Phylostratigraphic analyses relevant to cancer began with the pioneering work of Domazet-Lošo & Tautz 74. They assigned ages to ‘cancer-associated genes’ from several cancer gene compilations and found two peaks where cancer genes are over-represented compared to the age distribution of all human genes. One was in the pre-eukaryote unicellular era. The other correlated with the origin of multicellularity and metazoa. The most important finding was the under-representation of cancer-associated genes younger than about 400 million years, confirming the basic notion that the evolutionary roots of cancer are very ancient.
Chen et al. set out to test the atavism model by examining xenograft human breast tumours in mice and characterized the complete evolutionary history of a tumour 75. The expression profiles were found to evolve towards that of embryonic stem cells.

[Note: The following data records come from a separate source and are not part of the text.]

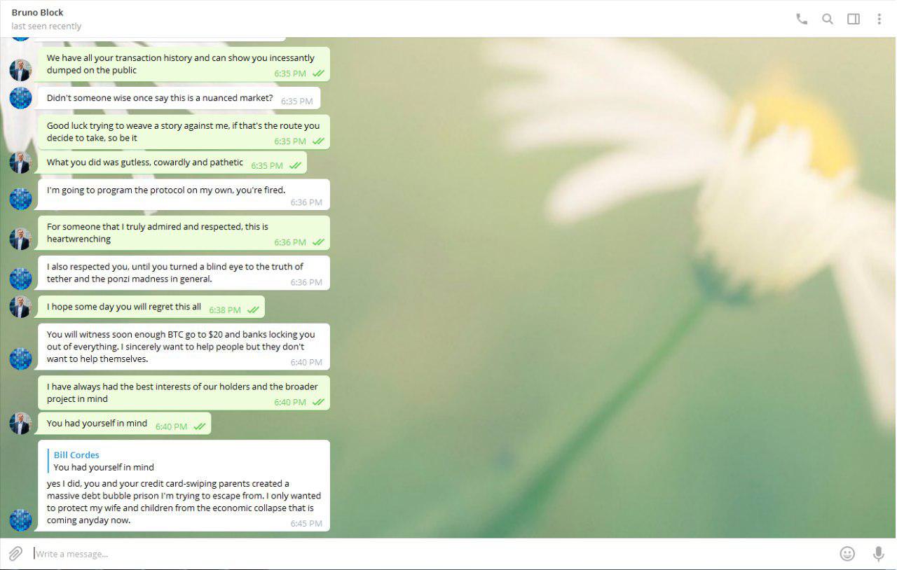 Un usuario de Reddit publicó una captura de un chat de Whatssapp llevado a cabo entre Bruno Block y Bill Cordes, en donde Block afirma que programará el protocolo él mismo y que Cordes está despedido. Además le dice “Te respeté hasta que cerraste tus ojos a la verdad de lo que sucede con Tether y la locura Ponzi en general”, pareciendo sugerir que las dinámicas actuales de mercado se asemejan en general a este tipo de esquema fraudulento. Luego, finaliza diciendo que lo hizo pensando en el bienestar suyo, de su esposa e hijos, ante “la crisis financiera creada por ti y tus padres y esa prisión de la burbuja financiera de la deuda” de la que intenta escapar.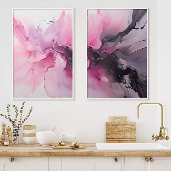 Plakatas Abstraktūs rausvos, violetinės ir juodos spalvos sūkuriai susilieja į sklandžią, organišką kompoziciją ir sukuria judėjimo įspūdį Ne d00532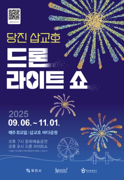 당진시는 오는 9월 6일부터 11월 1일까지 매주 토요일, 삽교호 관광지 바다공원에서 ‘2025 당진 삽교호 드론 라이트 쇼’를 진행한다.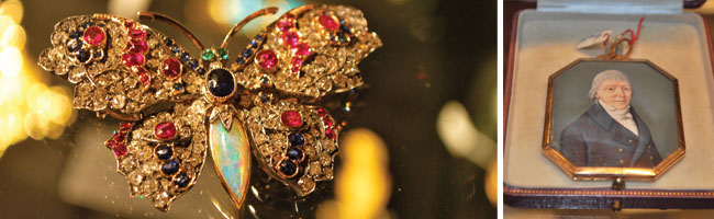 For botanical and bug-inspired jewelry, the booth of Le Sot-l’y-Laisse had a gorgeous bright blue enamel wild rose brooch dating from the 19th century in the style of the house of Cartier. An ornate butterfly brooch was encrusted with rose cut diamonds and precious gems.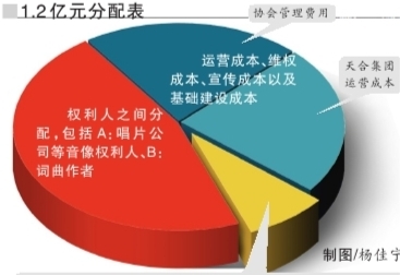 “我個人對這個分配比例沒有意見。”太合麥田老總宋柯表示,權利單位和音集協確定的這個收費模式,現在來看是比較合理的,一般同類協會的管理費在23%比較正常,而27%用于天合集團開展收費也還可以接受,“會上大家認為這錢花得還比較值”。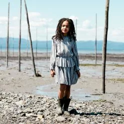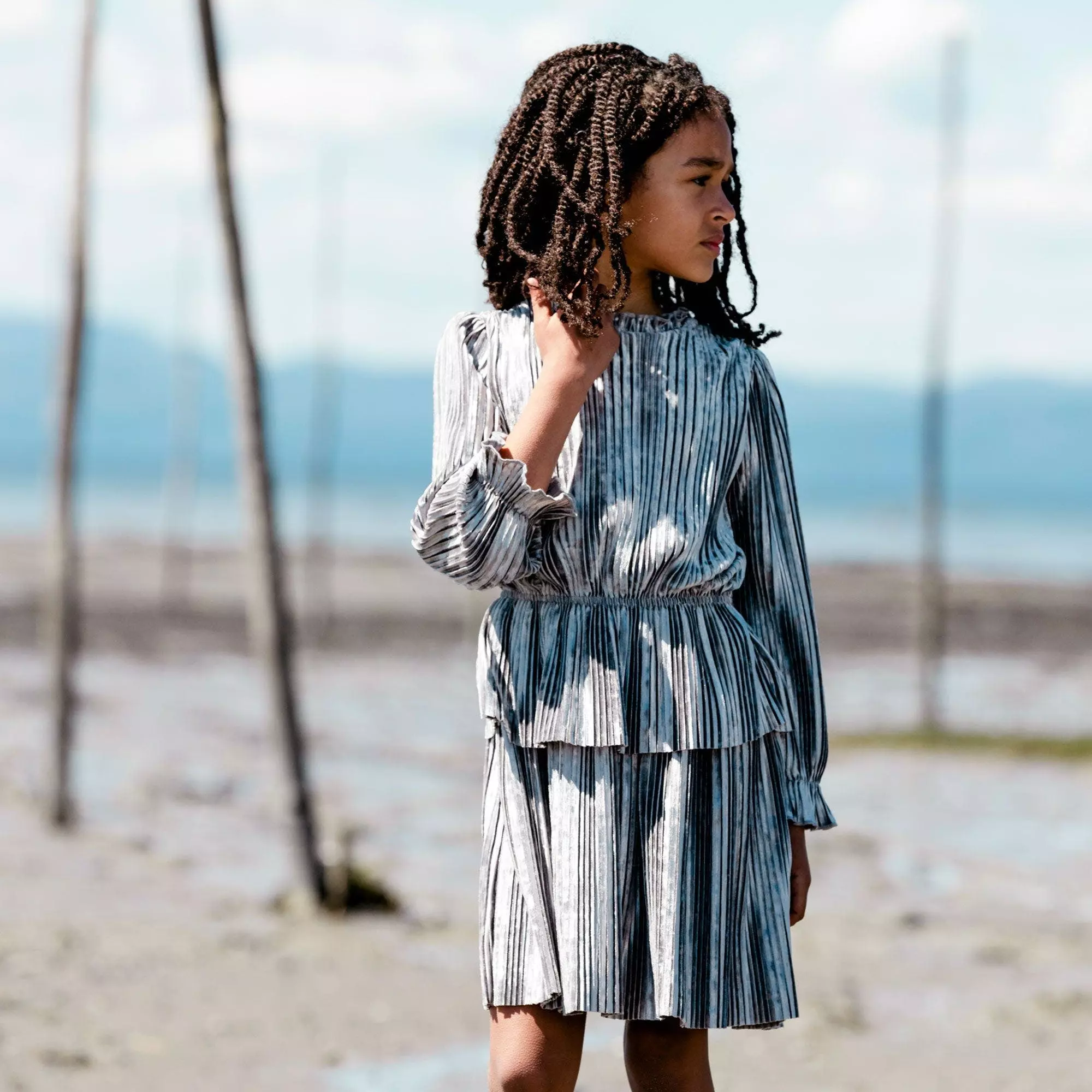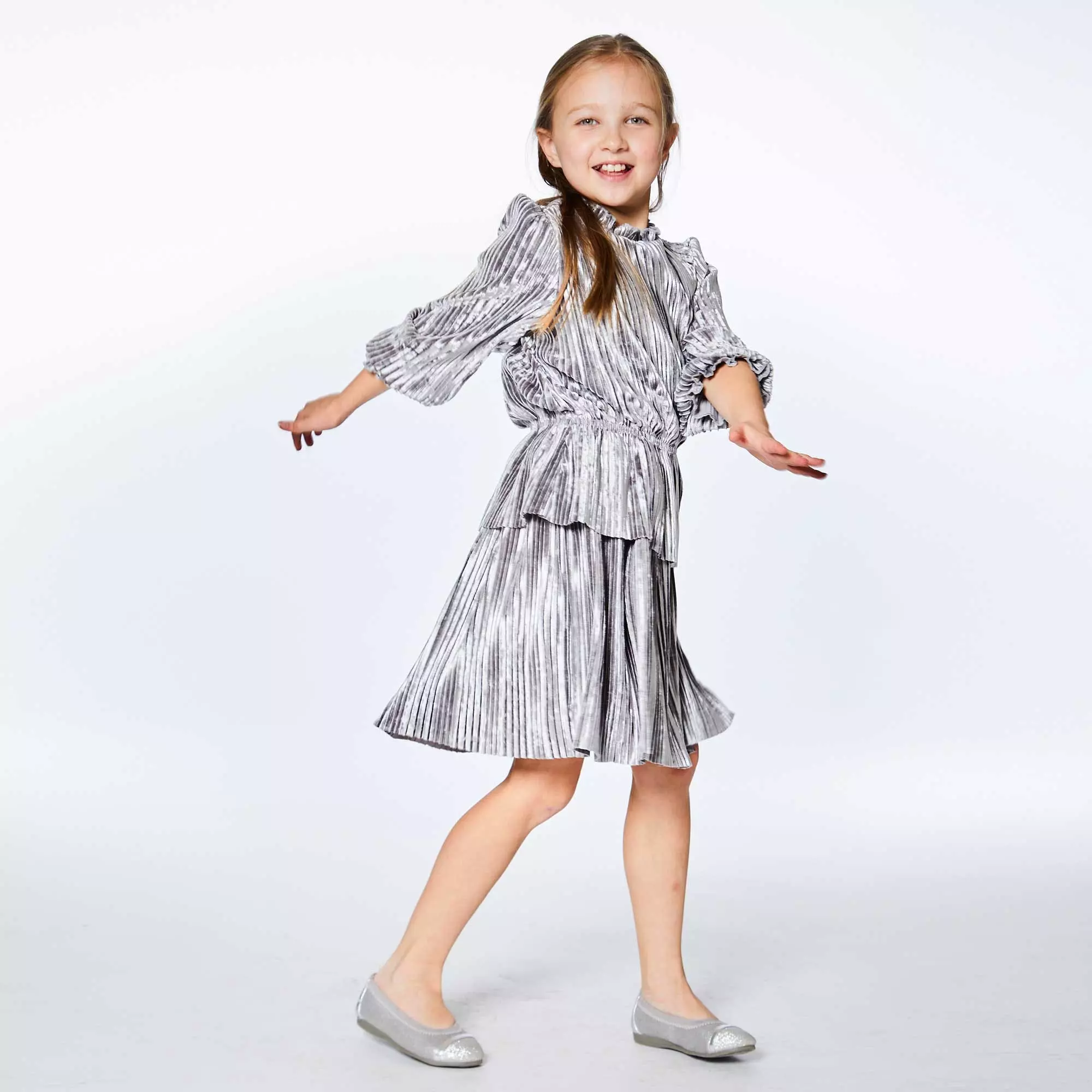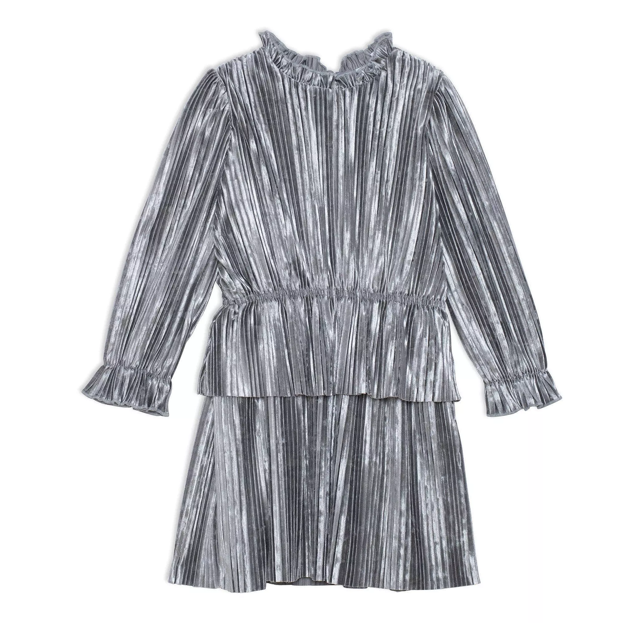 Long sleeve crinkle dress silver grey and red violet is a perfect choice for any party or special occasion. This design features long sleeves with elastic cuffs, a round neckline, and an elastic waist adorned with a fabric overlay.

The most highly mutated and consistently downregulated genes in the metastatic samples were enriched in functions related to multicellularity. In another analysis, the phylogenetic tree of Tyrosine Kinases (TKs), which compose a major portion of oncogenes, demonstrated “a general trend of atavism in tumourigenesis” 76. Studies by Wu et al. of multiple myeloma evolving in a microfabricated ecosystem also supported the general thesis that “cancer represents a reversion back to ancient forms of life” 77.
An Australian group applied phylostratigraphy to RNA transcript sequencing data from The Cancer Genome Atlas for seven solid cancers, using 16 age categories 78. Consistent with Domazet-Lošo & Tautz 74, they found significant patterns in the relationship between gene age and expression levels in cancer. Genes of unicellular evolutionary origin are over-expressed in human cancers, whereas genes appearing at multicellular stages are down-regulated. The over-expression of unicellular genes was associated with major dysregulation of the control structures imposed on unicellular processes during the evolution of multicellularity. Significantly, Trigos et al. found that the atavistic signature was not a simple re-primitivisation to unicellularity. Rather it is a rewiring of the coupling between the gene networks that control unicellular processes from those that control multicellular processes 79. Their results thus provide evidence that cancer is a nuanced reorganization of the relationship between the unicellular and multicellular domains. A key prediction of this theory is that the reversionary sequence is systematic and should display regularities across species and across cancer types.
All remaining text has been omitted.